Deshalb müssen auch täglich 2 bis 11 Millionen Liter Wasser aus den S6-Schnellstraßentunnels abdrainagiert werden, damit diese nicht absaufen. Wenn nun auch noch die 38 Millionen Liter Wasser aus dem Semmering-Basistunnel abgeleitet werden sollen, hat dies gravierende Auswirkungen auf das Europaschutzgebiet "Nordöstliche Randalpen: Hohe Wand-Rax-Schneeberg". Nur wurde diese kumulative Wirkung im naturschutzrechtlichen Verfahren nicht geprüft, weshalb die Umweltorganisation "Alliance For Nature" Berufung eingebracht hat. Denn gemäß dem niederösterreichischen Naturschutzgesetz hat eine derartige Prüfung zu erfolgen. Sie wurde jedoch unterlassen, womit auch gegen EU-Recht verstoßen wurde.

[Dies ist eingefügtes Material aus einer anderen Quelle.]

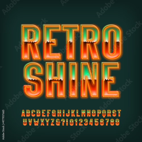 Fototapeta premium Retro Shine alphabet font. Neon glowing letters and numbers. Stock vector...

Ähnliches gilt für die unterlassene Strategische Umweltprüfung, wie sie die EU-Richtlinie 2001/42/EG und das österreichische Bundesgesetz über die strategische Prüfung im Verkehrsbereich (BGBl. I Nr. 96/2005) vorschreiben. Somit wurde das Projekt "Semmering-Basistunnel neu" nicht allen gesetzlich vorgeschriebenen Prüfungsverfahren unterzogen. Der Baubeginn des Projekts "Semmering-Basistunnel neu" würde somit ebenso gesetzeswidrig erfolgen wie jener des alten Tunnelprojekts. Das letzte Wort werden wohl wieder die Höchstgerichte (VwGH und VfGH) zu sprechen haben, die aber selbst gerade bei einer wichtigen Zuständigkeitsfrage bezüglich Umweltverträglichkeitsprüfung uneinig sind.